Family companies celebrating 50 or 100 years of activity are not uncommon, but anniversaries marking a quarter of a millennium in business are few and far between. Riedel, the Austria-based company that set the bar for stemware around the world, threw a lavish and extravagant party last week to mark its 250th anniversary.
The Riedel family dazzled guests representing 30 countries with celebrity guest speakers, concerts, mimes, acrobatic stunts and a beautiful choreography of human dance and fire at the family’s historic glassworks factory in Kufstein, Austria. Other highlights included the inauguration of The Riedel Glass Pyramid, a monument symbolizing the eleven generations to head the company, as well as the introduction of baby Rocco, representing the twelfth generation, as
“When you look into my eyes, you look into the eyes of a lucky man,” said Georg Riedel as he describes his family’s history. “I am lucky,” read a sign held up by Maximilian Riedel during a speech later in the evening.

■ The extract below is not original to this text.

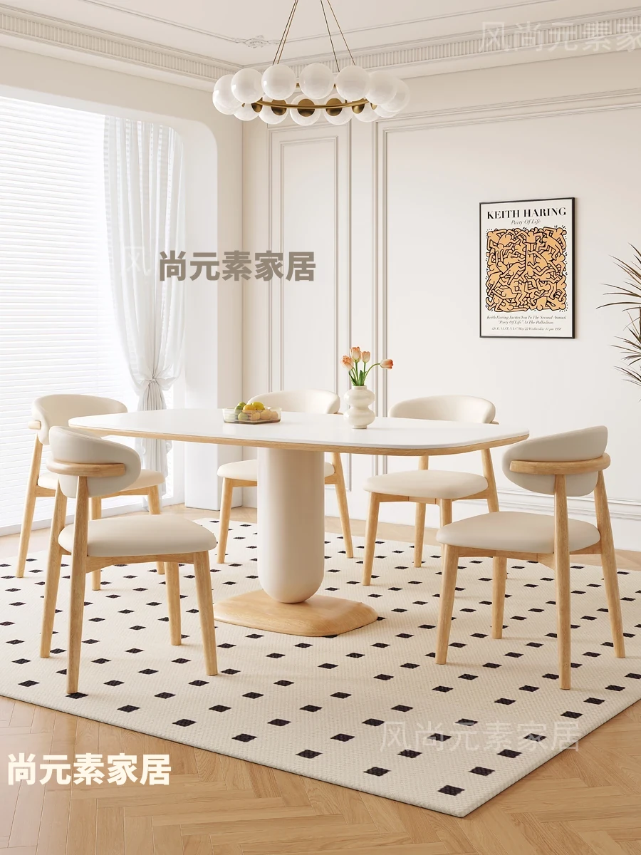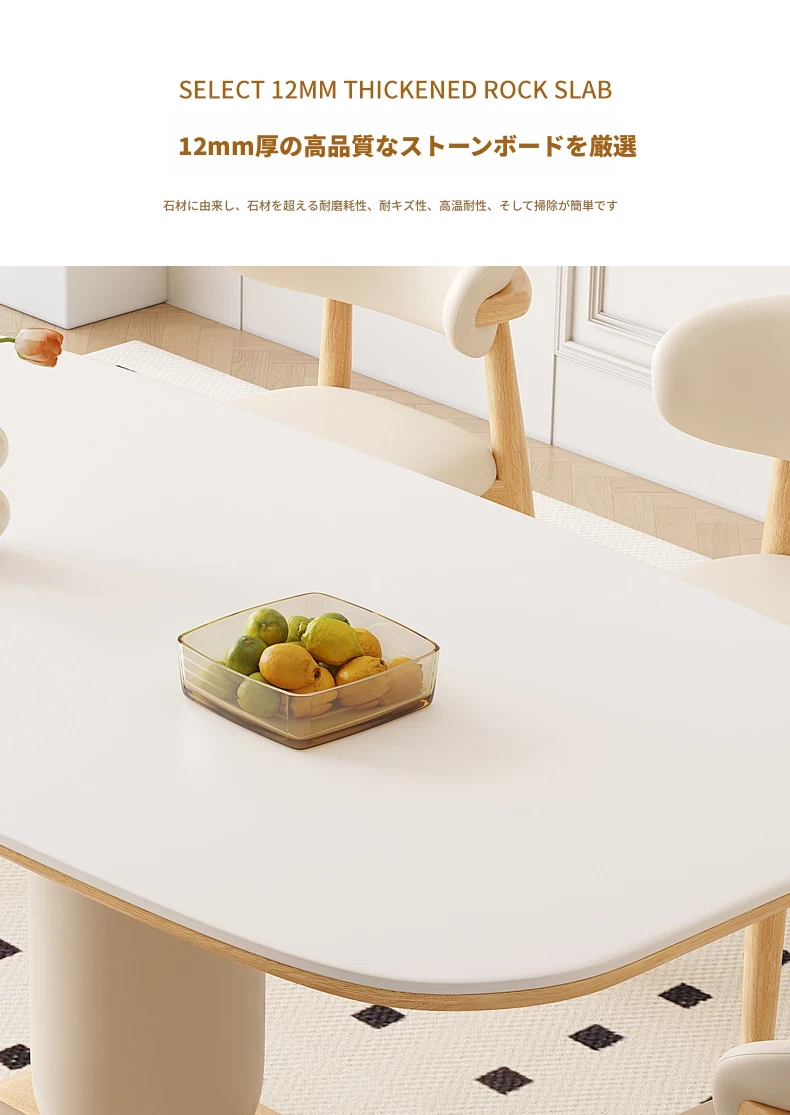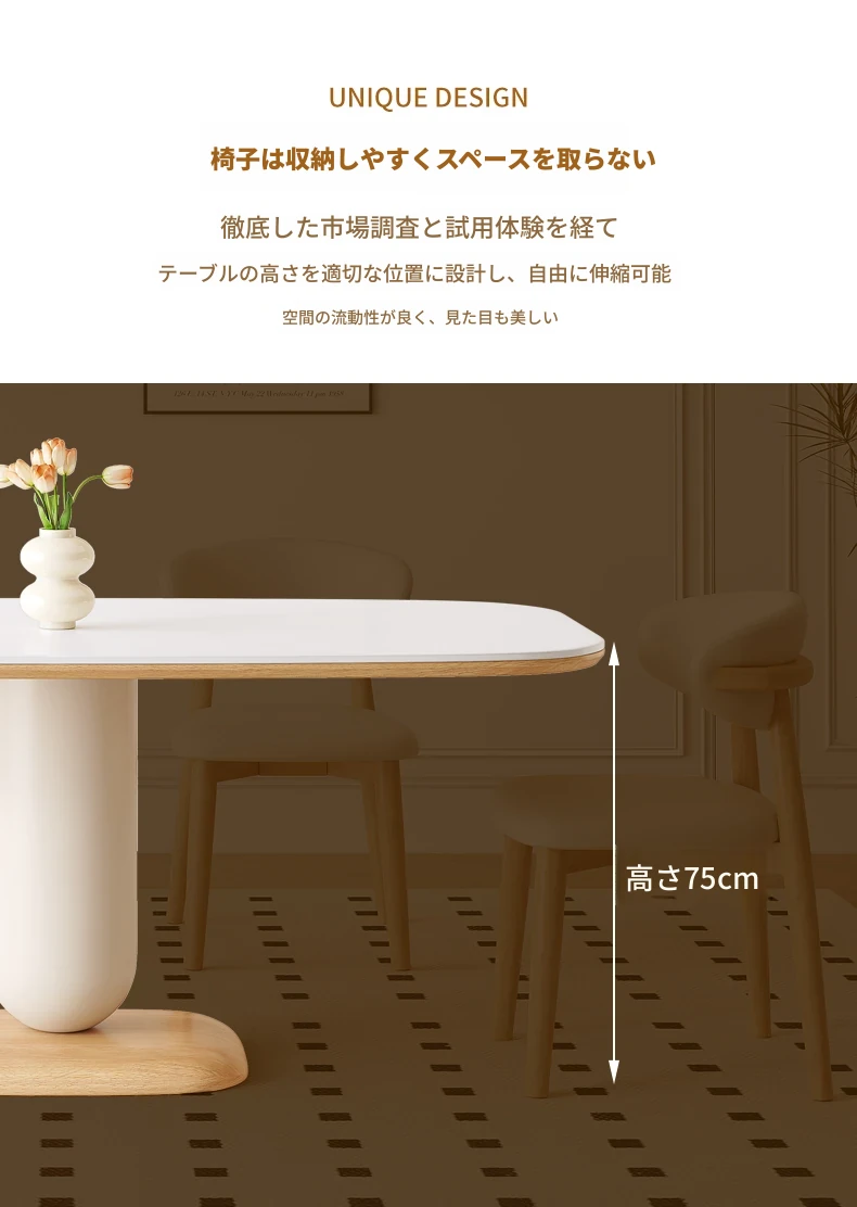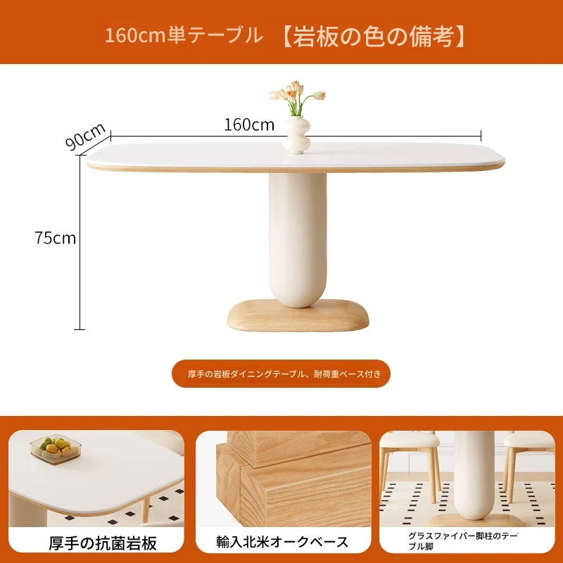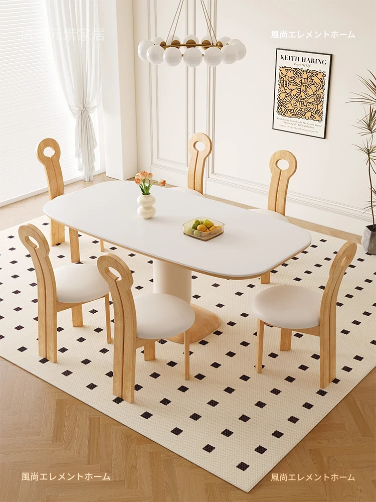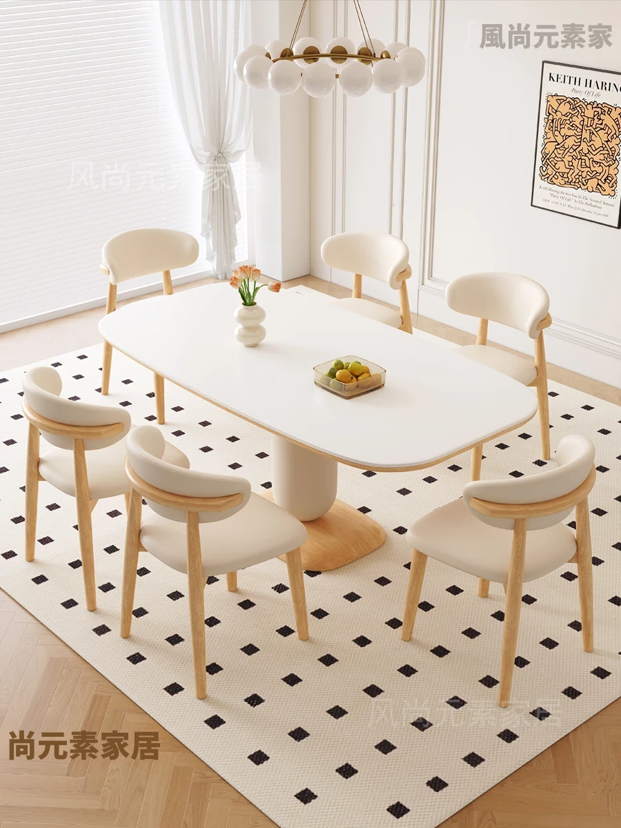 クリーム風の岩板ダイニングテーブル&チェアセット - わびさび風の無垢材使用、北欧スタイルの楕円形デザイン!全実木製で、温かみのある食卓を実現。家庭用にぴったりな、心安らぐ和の雰囲気をお楽しみください。

Lady luck certainly followed the Riedel family through the difficult war years. In 1946, Claus Riedel (representing the ninth generation) jumped off a train carrying Allied prisoners of war to escape. He met the Tyrolean Swarovski family, who had been taught the art of glassmaking by Claus’ great grandfather, and they provided Riedel financial support to help the company back on its feet.
Riedel has since become one of the most important names in stemware. “Riedel created the need for wine glasses,” said Barbaresco winemaker Angelo Gaja who distributes Riedel glass in Italy. “What sets him apart is his passion for wine and his deep understanding of how the shape of a glass changes our perception of wine.”
Founded in 1756, just four months after Mozart was born, Riedel today owns the Nachtmann and Spiegelau brands. It sold 50 million units in 2005 for $300 million in sales.